Source information:
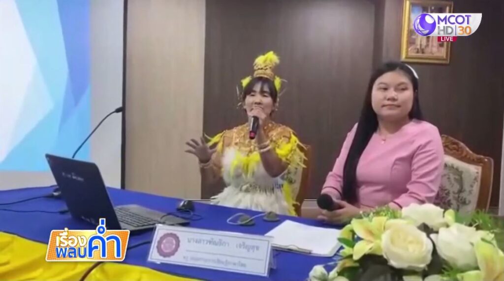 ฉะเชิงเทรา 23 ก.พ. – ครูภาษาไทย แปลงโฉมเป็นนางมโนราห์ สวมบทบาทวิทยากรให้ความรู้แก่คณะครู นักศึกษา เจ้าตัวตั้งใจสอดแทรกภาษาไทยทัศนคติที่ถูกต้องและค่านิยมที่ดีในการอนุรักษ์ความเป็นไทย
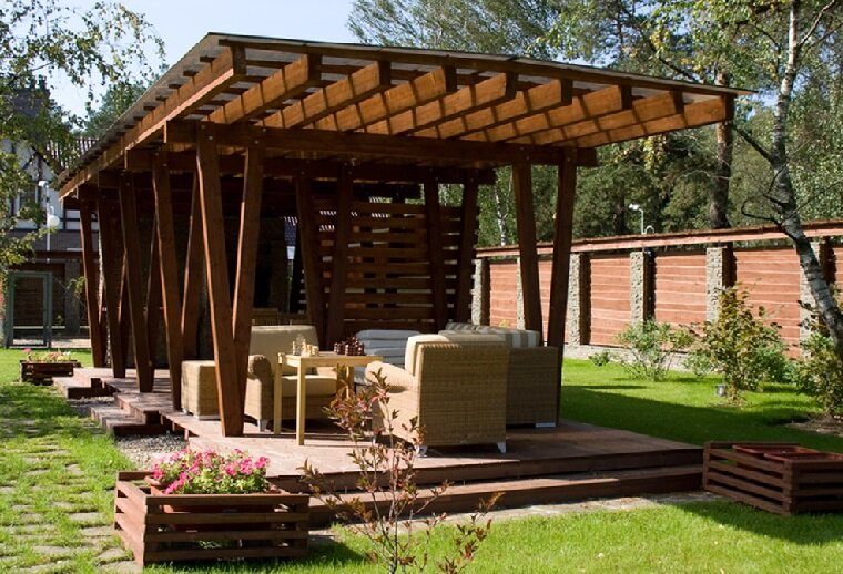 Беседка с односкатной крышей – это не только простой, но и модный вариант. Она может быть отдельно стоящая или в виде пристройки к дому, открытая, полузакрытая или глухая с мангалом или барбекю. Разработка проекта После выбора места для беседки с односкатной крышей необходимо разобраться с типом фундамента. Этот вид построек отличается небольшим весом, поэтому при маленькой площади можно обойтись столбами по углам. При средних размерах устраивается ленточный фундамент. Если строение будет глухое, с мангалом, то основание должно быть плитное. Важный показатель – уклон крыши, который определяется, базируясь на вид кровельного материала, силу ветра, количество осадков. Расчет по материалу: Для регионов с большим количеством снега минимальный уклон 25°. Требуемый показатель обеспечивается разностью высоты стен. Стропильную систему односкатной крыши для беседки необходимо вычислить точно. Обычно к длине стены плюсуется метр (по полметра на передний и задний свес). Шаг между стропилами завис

--

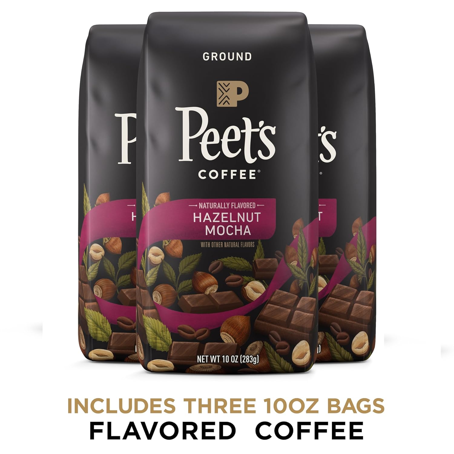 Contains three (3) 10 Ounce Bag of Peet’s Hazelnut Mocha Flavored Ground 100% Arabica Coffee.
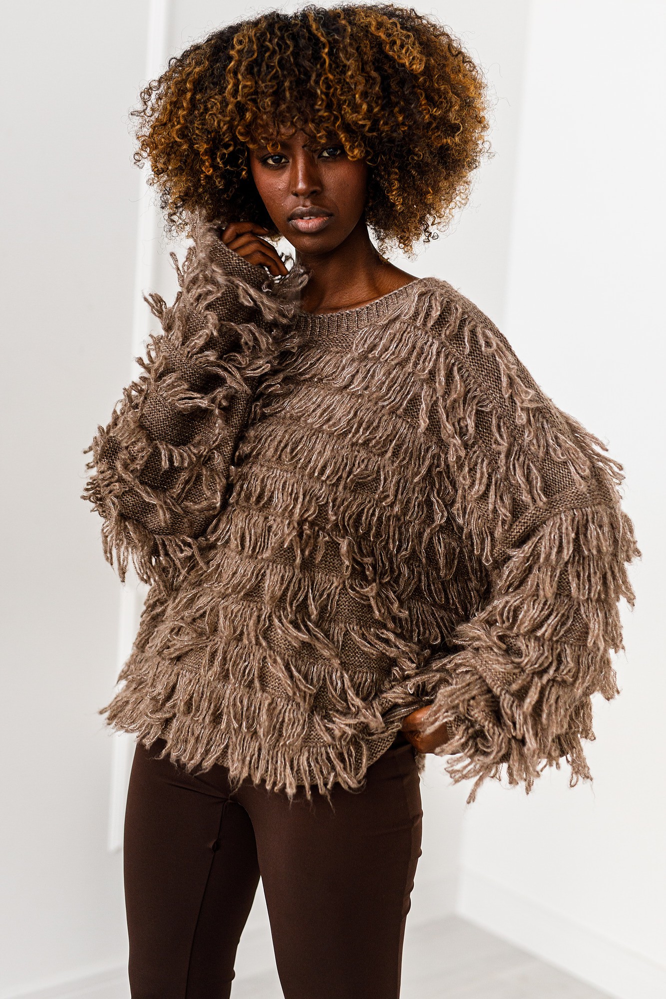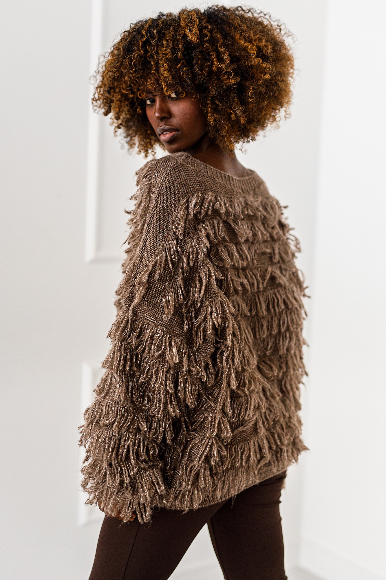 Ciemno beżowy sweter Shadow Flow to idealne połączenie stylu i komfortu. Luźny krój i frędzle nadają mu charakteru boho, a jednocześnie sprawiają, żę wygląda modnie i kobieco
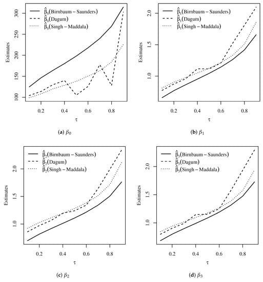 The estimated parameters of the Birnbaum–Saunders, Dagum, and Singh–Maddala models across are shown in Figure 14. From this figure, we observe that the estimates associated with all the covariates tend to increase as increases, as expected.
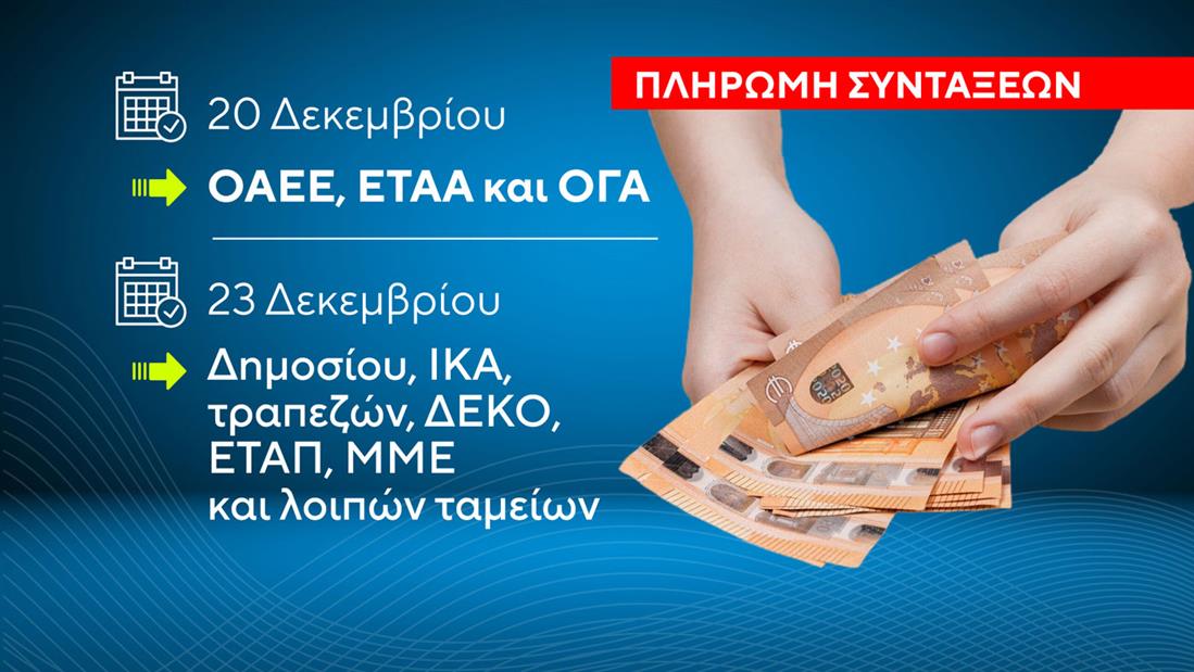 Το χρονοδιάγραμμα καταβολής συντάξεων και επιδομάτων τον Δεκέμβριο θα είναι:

==

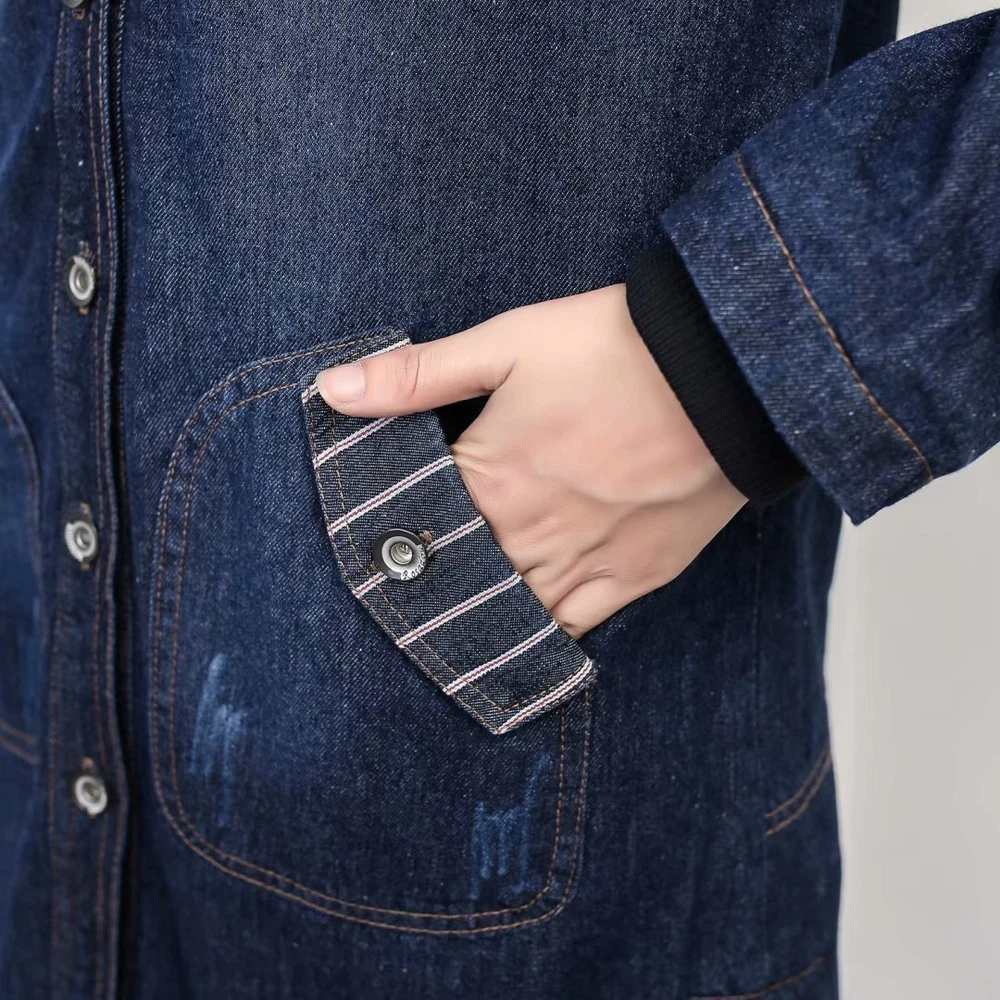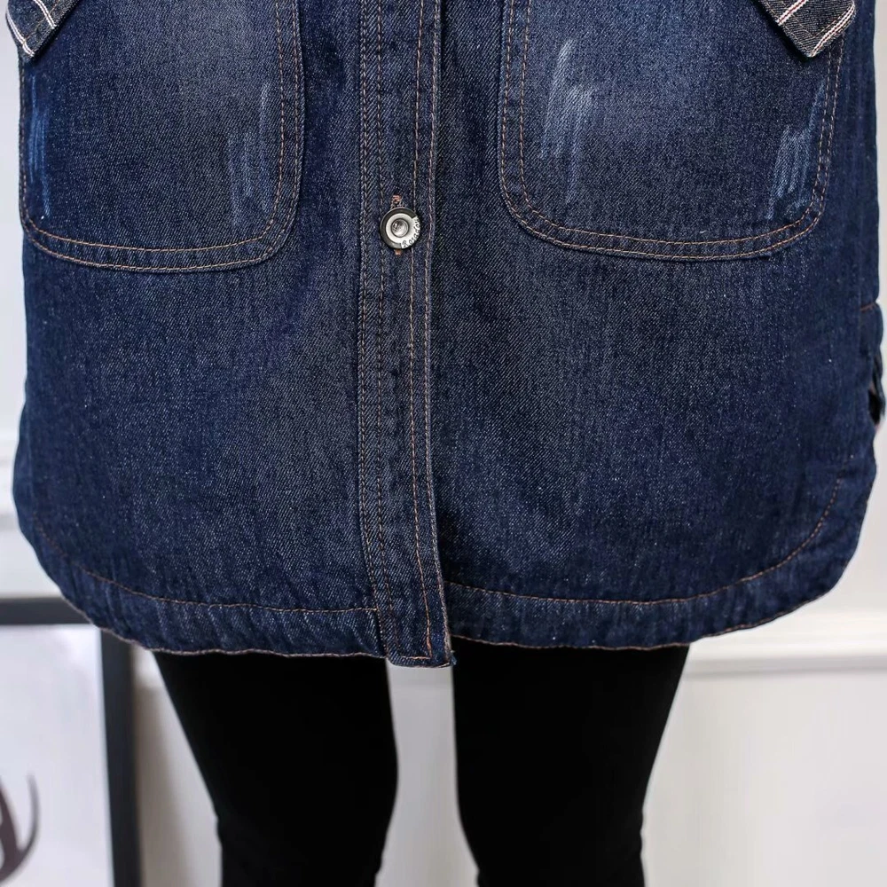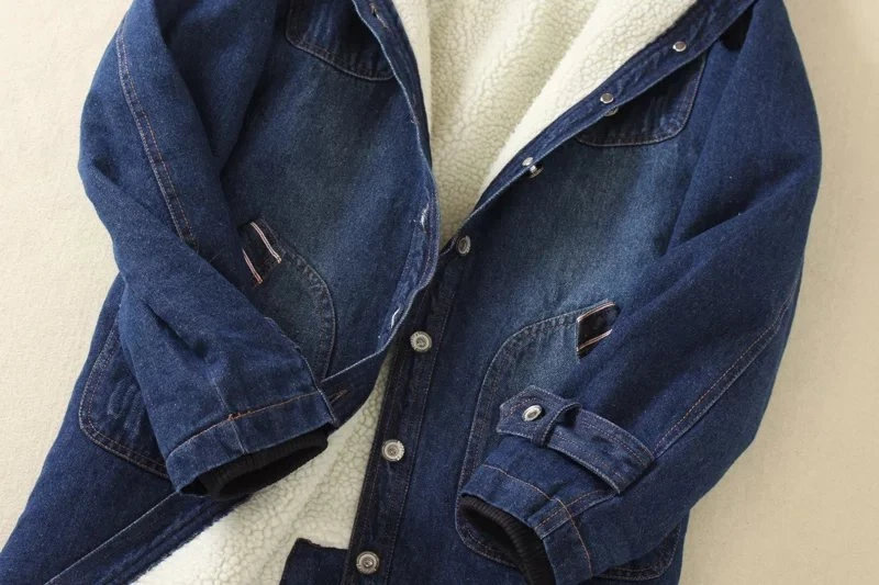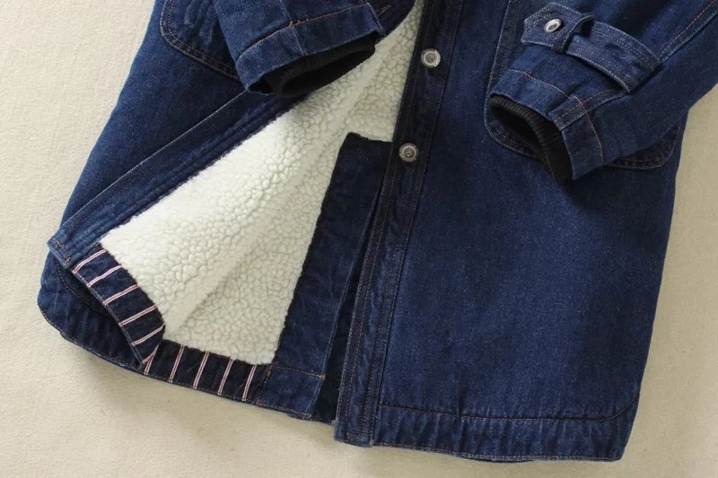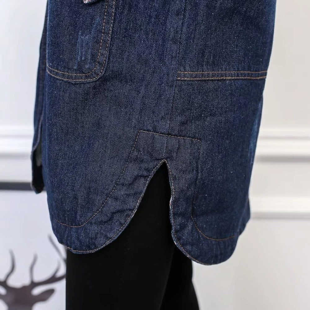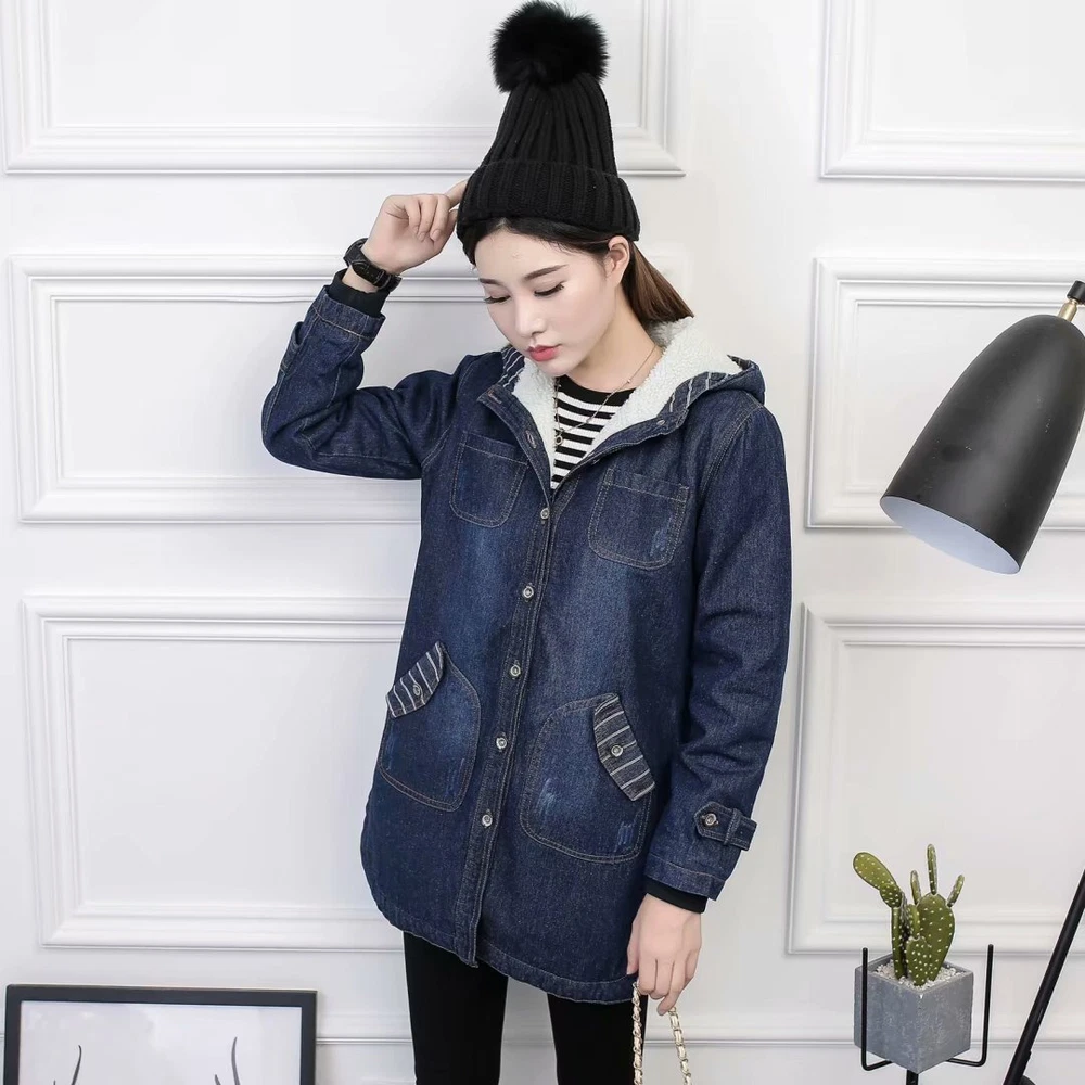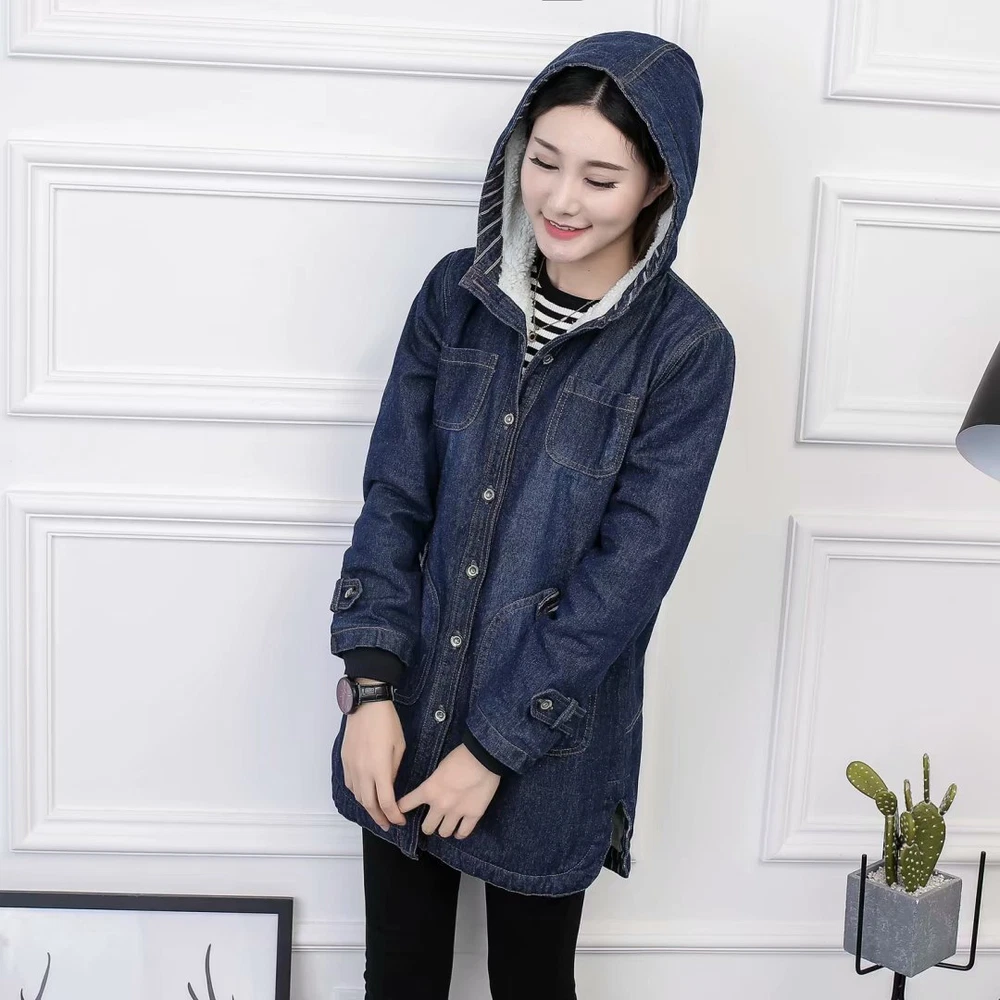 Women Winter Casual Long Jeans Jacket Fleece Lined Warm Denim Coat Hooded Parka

Work instructions: Repeat exactly the lines above, from the line that contains "Ciemno beżowy sweter" down through the line that contains "Το χρονοδιάγραμμα καταβολής". Include both of those lines and none of the pictures.

Your response:
 Ciemno beżowy sweter Shadow Flow to idealne połączenie stylu i komfortu. Luźny krój i frędzle nadają mu charakteru boho, a jednocześnie sprawiają, żę wygląda modnie i kobieco
 The estimated parameters of the Birnbaum–Saunders, Dagum, and Singh–Maddala models across are shown in Figure 14. From this figure, we observe that the estimates associated with all the covariates tend to increase as increases, as expected.
 Το χρονοδιάγραμμα καταβολής συντάξεων και επιδομάτων τον Δεκέμβριο θα είναι:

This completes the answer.